Finally, BMI was not significantly associated with any of the measured thyroid markers.

4 Discussion

These experimental results are consistent with prior observational data in showing that BMI is inversely related to LDLc change on a KD (6). While prior data primarily report that lower BMI is associated with larger increases in LDLc upon adoption of KD, these data show the inverse is also true: those with lower BMI also exhibit larger decreases in LDLc upon carbohydrate reintroduction.

It is not surprising that all anthropometric measurements (BMI, FMI, FFMI) were significant predictors of LDLc given their expected collinearity among lean women. While BMI is an imperfect indicator of body composition, we focused on it as it is more widely available, and it yields the most conservative estimate size (β = −25) for our primary outcome and explains better the observed variability than the other anthropometric biomarkers (R2 = 0.42 vs. 0.26 and 0.37 for FMI and FFMI, respectively).

How do anthropomorphic measurements compare in predictive power to a more widely recognized influencer of LDLc levels: saturated fat intake?
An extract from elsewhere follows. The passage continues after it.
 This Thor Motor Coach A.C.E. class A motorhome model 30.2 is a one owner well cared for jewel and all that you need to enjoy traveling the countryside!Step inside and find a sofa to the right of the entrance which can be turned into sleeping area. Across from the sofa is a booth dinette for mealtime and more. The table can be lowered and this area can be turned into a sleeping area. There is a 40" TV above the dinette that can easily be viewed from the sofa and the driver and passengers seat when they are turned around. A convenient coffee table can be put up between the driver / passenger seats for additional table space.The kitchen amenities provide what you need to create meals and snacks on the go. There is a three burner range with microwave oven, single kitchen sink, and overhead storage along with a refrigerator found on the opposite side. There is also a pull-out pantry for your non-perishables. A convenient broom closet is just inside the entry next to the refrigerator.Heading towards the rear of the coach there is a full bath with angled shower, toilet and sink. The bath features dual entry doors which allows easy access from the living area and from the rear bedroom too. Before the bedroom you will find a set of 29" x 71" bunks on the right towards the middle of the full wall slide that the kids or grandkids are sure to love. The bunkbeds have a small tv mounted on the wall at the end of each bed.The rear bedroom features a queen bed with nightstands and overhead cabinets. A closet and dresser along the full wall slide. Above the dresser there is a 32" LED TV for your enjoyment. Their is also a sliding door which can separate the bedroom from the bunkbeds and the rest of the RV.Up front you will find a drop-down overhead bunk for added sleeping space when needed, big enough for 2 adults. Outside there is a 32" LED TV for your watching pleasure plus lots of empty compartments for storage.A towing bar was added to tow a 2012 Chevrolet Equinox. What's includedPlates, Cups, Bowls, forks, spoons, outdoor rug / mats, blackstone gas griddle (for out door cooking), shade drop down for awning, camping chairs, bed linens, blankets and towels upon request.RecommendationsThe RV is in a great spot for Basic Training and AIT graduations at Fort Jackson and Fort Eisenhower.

As shown in our sensitivity analysis, BMI dominates over saturated for determining LDLc change, even when ≥90% of total calories were derived from saturated fat.

Consistent with what has been documented in randomized crossover trials (12), fT3 was lower in the NK phases when compared with the SuK (higher carbohydrate) phase. Additionally, we found that fT3 and T4 (but not TSH or rT3) were predictive of LDLc change, which is consistent with the role of thyroid hormones in regulating systemic lipid energy trafficking to meet energy demands during carbohydrate restriction.
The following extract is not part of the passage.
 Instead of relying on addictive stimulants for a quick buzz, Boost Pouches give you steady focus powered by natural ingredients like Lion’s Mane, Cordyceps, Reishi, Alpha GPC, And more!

While this thyroid marker pattern may appear reminiscent of a “sick euthyroid syndrome,” a condition in which patients with critical illness demonstrate changes in peripheral thyroid hormone levels (13), we caution against this interpretation for the following reasons. i) We studied healthy participants. ii) As shown in Table 1, energy intake, weight, resting metabolic rate, TSH, and rT3 remained unchanged across throughout the study. iii) It is not yet clear how macronutrient shifts affect thyroid hormone sensitivity, and akin to what is observed in insulin or leptin resistance, the levels of a hormone may be inversely associated with its sensitivity.

A chief strength of this study included the rigor with which participants complied with the dietary regimen, as evidenced by all participants achieving consistent NK during the NK phases and consistent suppression of ketosis during the SuK phase, determined by blood capillary testing combined with dietary records. Additionally, all participants had a BMI ≤24 kg/m2 and, therefore, were “lean” and remained weight-stable, increasing the internal validity of this study.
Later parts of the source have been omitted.